The Biology of Sourdough

The Biology of Sourdough

About 34 years ago, Frank Sugihara recalls, he and Leo Kline, a fellow microbiologist, set out to "solve the mystery of San Francisco sourdough." The two scientists were working with baker's yeast in a Bay Area lab run by the U.S. Department of Agriculture, so perhaps it was inevitable they would wind up studying San Francisco's signature bread.

This crusty loaf, with its chewy bite and sharp acidulated tang, was a long way from Wonder Bread, and few tourists left the airport without a loaf. Local lore attributed the bread to Basque migrants from the Pyrenees who arrived in San Francisco during the gold rush. Local bakers swore that no one could reproduce it outside a 50-mile radius of the city. When they gave dough to bakeries elsewhere, it inexplicably lost its "sour." But was it — is it — truly unique?  Sugihara laughs. "It's hard to say."

 

The Ancient Tradition of Sourdough

The practice of making sourdough is as ancient as bread itself. For 5,000 years or more, humans have mixed flour and water, waited for the mixture to ferment, and when it was good and sour and full of gas, used it as leavening to make dough rise.
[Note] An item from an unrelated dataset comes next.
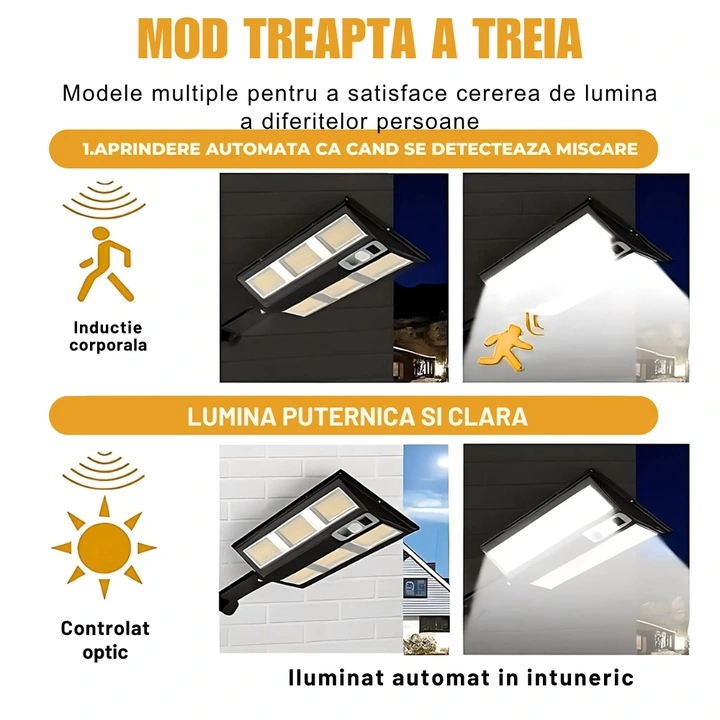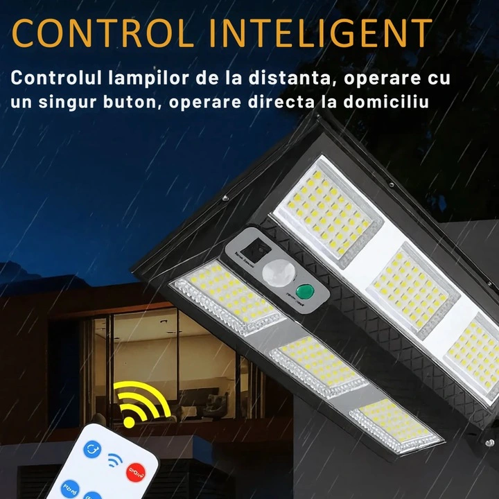 Senzorul de mișcare integrat activează automat lumina atunci când detectează prezența, sporind securitatea și reducând consumul de energie. În plus, telecomanda inclusă permite ajustarea modului de iluminare, intensității și duratei de funcționare, astfel încât să ai control complet asupra luminii.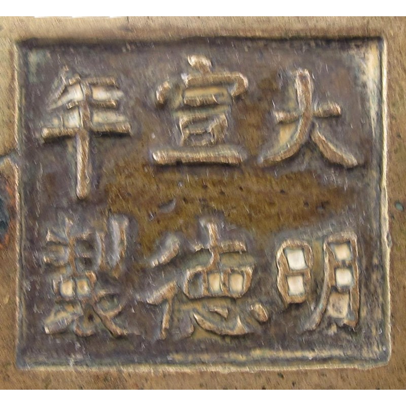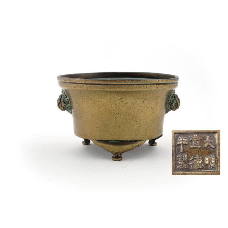 A small Chinese bronze tripod censer 19th century, with lion mask handles and a six character Xuande mark to the base, dents to the sides, 10cm.

They found that they could propagate their leavening by saving a bit of unused dough to sow the seeds of foment in the next batch.

No one knew then that these "seeds" were living microorganisms — it was Louis Pasteur, in the mid-1800s, who showed that fermentation was caused by microbes. That knowledge led to the commercial production of baker's yeast; strains of Saccharomyces cerevisiae bred for speedy growth. Today baker's yeast rules. It makes short work of pumping carbon dioxide into dough, and it always delivers.
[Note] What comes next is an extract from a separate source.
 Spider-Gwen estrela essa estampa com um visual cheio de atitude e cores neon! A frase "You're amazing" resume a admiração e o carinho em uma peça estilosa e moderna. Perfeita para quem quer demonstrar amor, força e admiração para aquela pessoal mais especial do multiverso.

Still, the old, slow bread-making ways did not disappear. Sourdough, for example, not only survived in San Francisco — it has gained new respect from artisanal bakers and sourdough hobbyists.

"Here's a sourdough board from Artisan Bakers in Sonoma," says Danielle Forestier, a French-trained master baker in Oakland, just across the bay from San Francisco. "I'm checking the package," she reports over the phone. "It's made of unbleached flour, water, and salt. Three ingredients, lots of taste, great texture." Yet a typical supermarket white bread has more than 25 ingredients and additives and still tastes vapid.
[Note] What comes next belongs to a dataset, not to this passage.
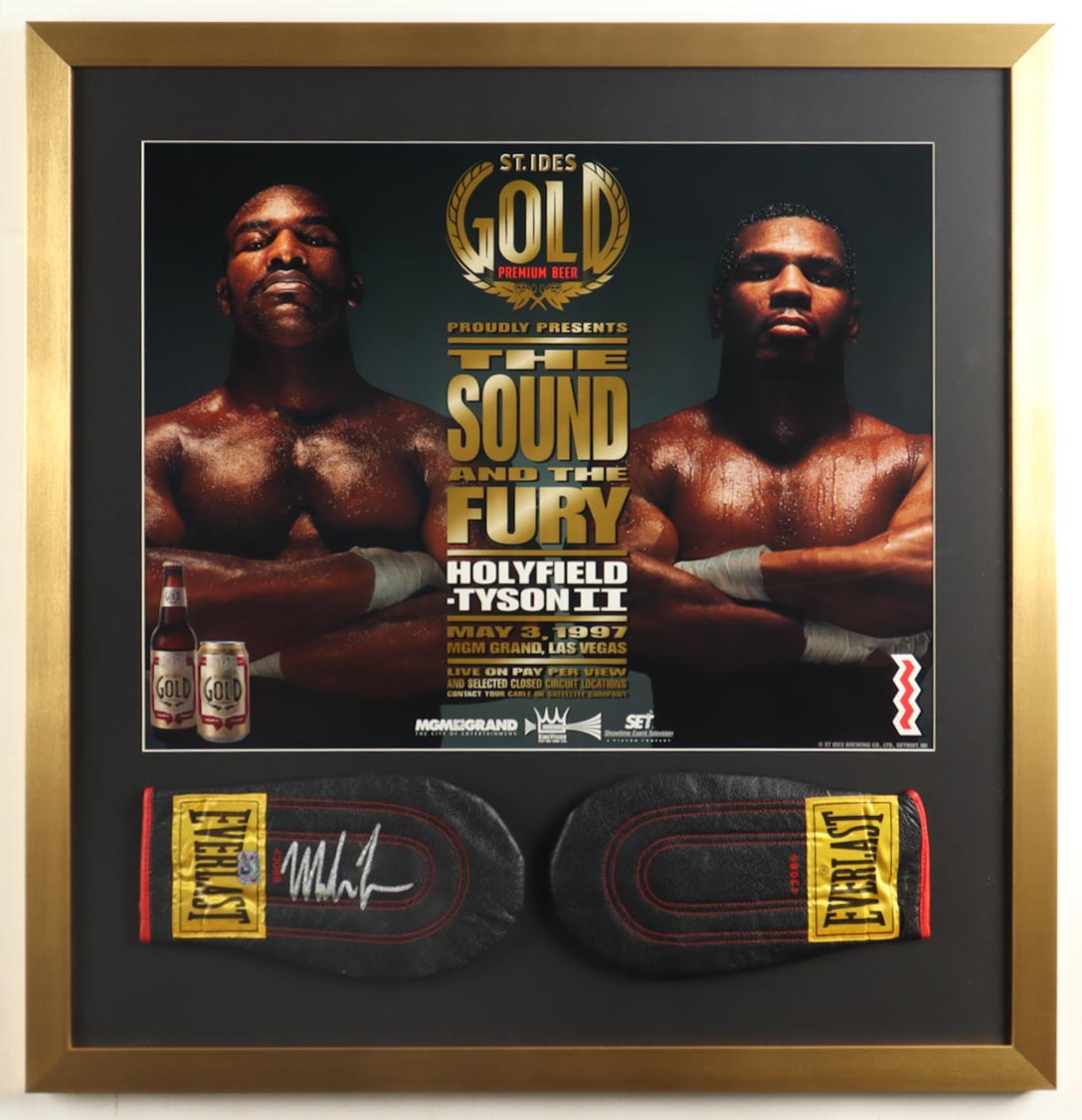Custom frame measures approximately 28" x 29" in size and features a pair of Everlast sparring gloves. Hand-signed by Mike Tyson (HOF). The display also includes an unsigned Tyson Vs Holyfield MGM Grand Fight Poster.

The difference is those fermenting bugs. The baker's yeast in supermarket bread creates a virtual monoculture of S. cerevisiae. The sourdough board, on the other hand, is a product of natural fermentation involving wild yeasts and bacteria. Almost all the bacteria are lactobacilli, cousins of the bacteria that curdle milk into yogurt and cheese. "These lactobacilli outnumber yeasts in sourdough by as many as 100 to one," Sugihara says. It is the acids they make that give sourdough its tartness.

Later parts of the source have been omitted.